Владимир Малахов: Вы знаете, я считаю, что вот этот разрыв, который существует между Академией наук и университетским, просто высшим образованием, он очень тяжелые, он плохие последствия имеет не только для высшего образования, но и для самой Академии наук. Сейчас в обществе создалась ситуация, при которой общество не очень понимает, а зачем нужна Академия наук.

Александр Костинский: Делать науку.

Владимир Малахов: А что такое - делать науку? Люди считают, что науку делают профессоры в университете. Почему еще нужна какая-то Академия наук?

Александр Костинский: Дополнительно.

Владимир Малахов: Да. На самом деле ситуация именно довольно своеобразная. Дело в том, что в большинстве стран, если вы возьмете Западную Европу, возьмите Северную Америку, подавляющая часть науки делается в университетах вместе с образованием, одновременно с образованием. При университетах существуют и всякие исследовательские отделы, и клиники, и все остальное. Есть, конечно, сейчас система институтов, которые занимаются только наукой. Но, во-первых, их немного, они работают под очень жестким контролем государства или каких-то частных фондов, потому что могут частные фонды создавать исследовательские институты, и они очень компактны, занимаются очень конкретными проблемами - теми, которые государство или те частные организации, которые их финансируют, считают, что они должны этими проблемами заниматься.

Александр Костинский: То есть фундаментальная наука в университетах делается на Западе?

Владимир Малахов: Да, в значительной степени в университетах. И этим оправдано ее существование. Потому что она служит целям образования. Обществу понятно, что "эти университетские высоколобые профессоры, ну, они, конечно, не от мира сего, но что поделаешь, они там, конечно, смотрят на свои звезды и галактики, но зато они одновременно и студентов учат".

Александр Костинский: Или амебы и инфузории туфельки, как в вашем случае.

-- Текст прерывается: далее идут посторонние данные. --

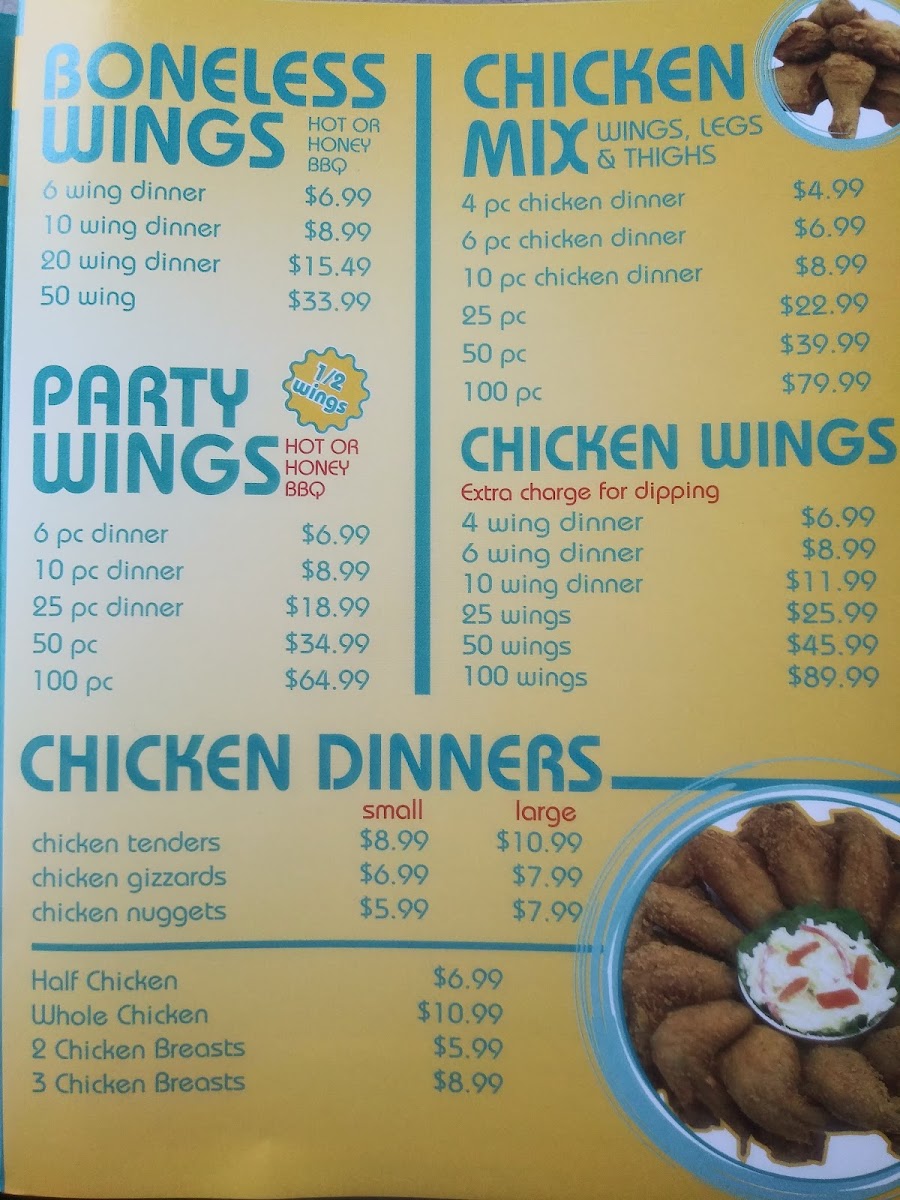 For those craving comfort food, the Chicken Dinners menu has a great selection, including Chicken Gizzards, Chicken Tenders, and Chicken Nuggets. The restaurant also features a wide range of Party Wings available in different quantities, such as 6 Pcs Party Wings, 10 Party Wings, and the more substantial 100 Party Wings. The crispy and flavorful wings make a perfect party or snack choice for sharing.

Владимир Малахов: Да. Поэтому людям понятно. У нас создалась ситуация, при которой есть научно-исследовательские институты, институты Академии наук, они занимаются фундаментальными, не связанными непосредственно с практикой, проблемами. Когда они дадут выход в практику - неизвестно. Дадут ли вообще - тоже неизвестно. И эти институты требуют от общества: "Дайте нам деньги". А общество не понимает, за что платить.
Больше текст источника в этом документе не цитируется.